**Source records**
========

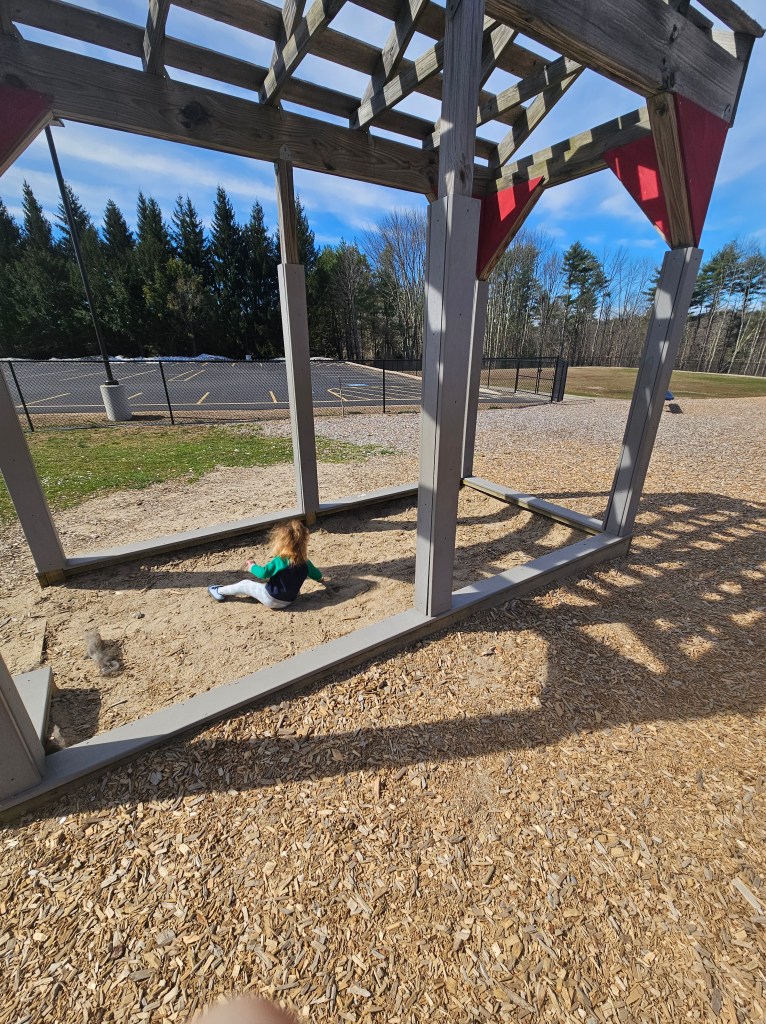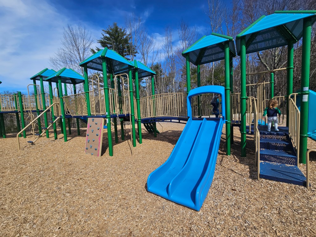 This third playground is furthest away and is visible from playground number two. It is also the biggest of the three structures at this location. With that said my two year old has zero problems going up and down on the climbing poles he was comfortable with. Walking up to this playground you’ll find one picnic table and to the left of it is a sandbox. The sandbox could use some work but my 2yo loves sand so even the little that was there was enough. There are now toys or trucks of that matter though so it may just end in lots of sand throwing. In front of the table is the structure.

========

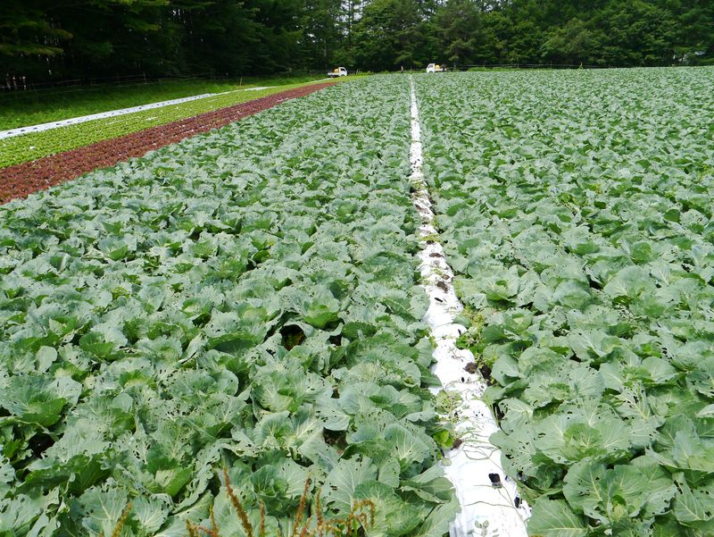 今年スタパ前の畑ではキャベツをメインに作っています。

========

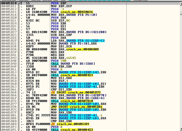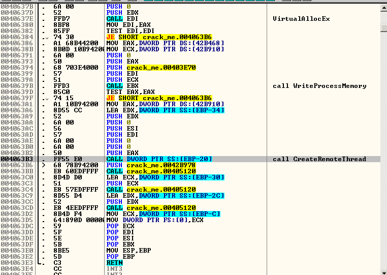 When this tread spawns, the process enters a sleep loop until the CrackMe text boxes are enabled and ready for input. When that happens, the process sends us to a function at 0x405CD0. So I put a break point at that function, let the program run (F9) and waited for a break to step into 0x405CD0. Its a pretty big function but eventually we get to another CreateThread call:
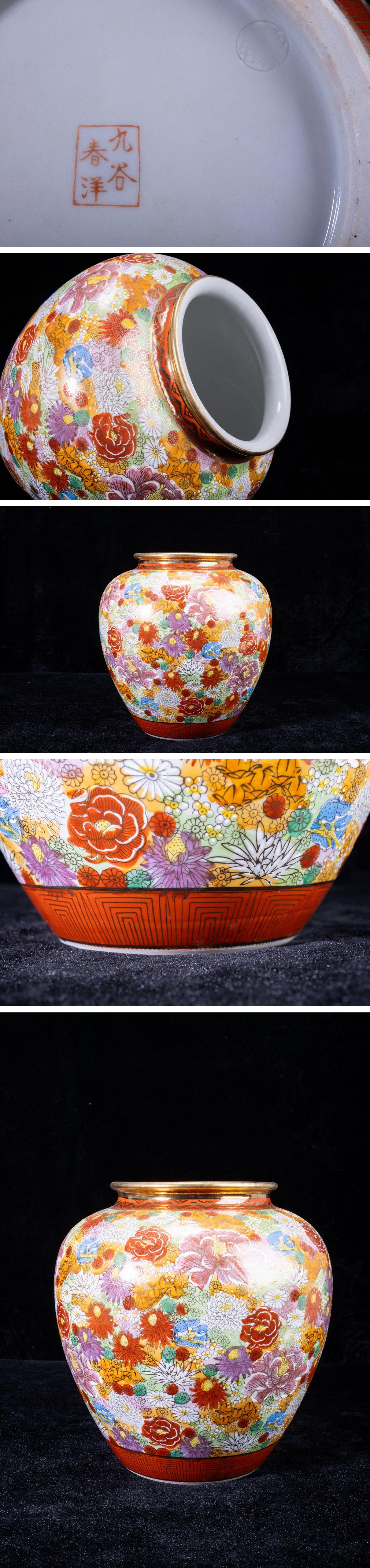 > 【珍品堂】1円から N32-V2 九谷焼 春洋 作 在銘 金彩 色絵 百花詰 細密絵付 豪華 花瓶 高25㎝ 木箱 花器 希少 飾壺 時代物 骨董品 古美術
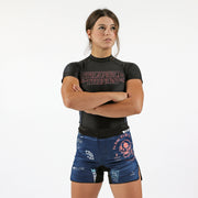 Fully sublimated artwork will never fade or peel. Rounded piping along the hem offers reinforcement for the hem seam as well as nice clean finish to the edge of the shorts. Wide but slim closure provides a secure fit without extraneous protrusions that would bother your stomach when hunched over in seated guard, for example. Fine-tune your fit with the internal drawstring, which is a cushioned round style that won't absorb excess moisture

========

**What the task requires**
Output exactly the lines of the listing above that start with the one holding "時代物 骨董品 古美術" and go on through the one holding "Fully sublimated artwork"; leave the pictures out.

**Task answer**
 > 【珍品堂】1円から N32-V2 九谷焼 春洋 作 在銘 金彩 色絵 百花詰 細密絵付 豪華 花瓶 高25㎝ 木箱 花器 希少 飾壺 時代物 骨董品 古美術
 Fully sublimated artwork will never fade or peel. Rounded piping along the hem offers reinforcement for the hem seam as well as nice clean finish to the edge of the shorts. Wide but slim closure provides a secure fit without extraneous protrusions that would bother your stomach when hunched over in seated guard, for example. Fine-tune your fit with the internal drawstring, which is a cushioned round style that won't absorb excess moisture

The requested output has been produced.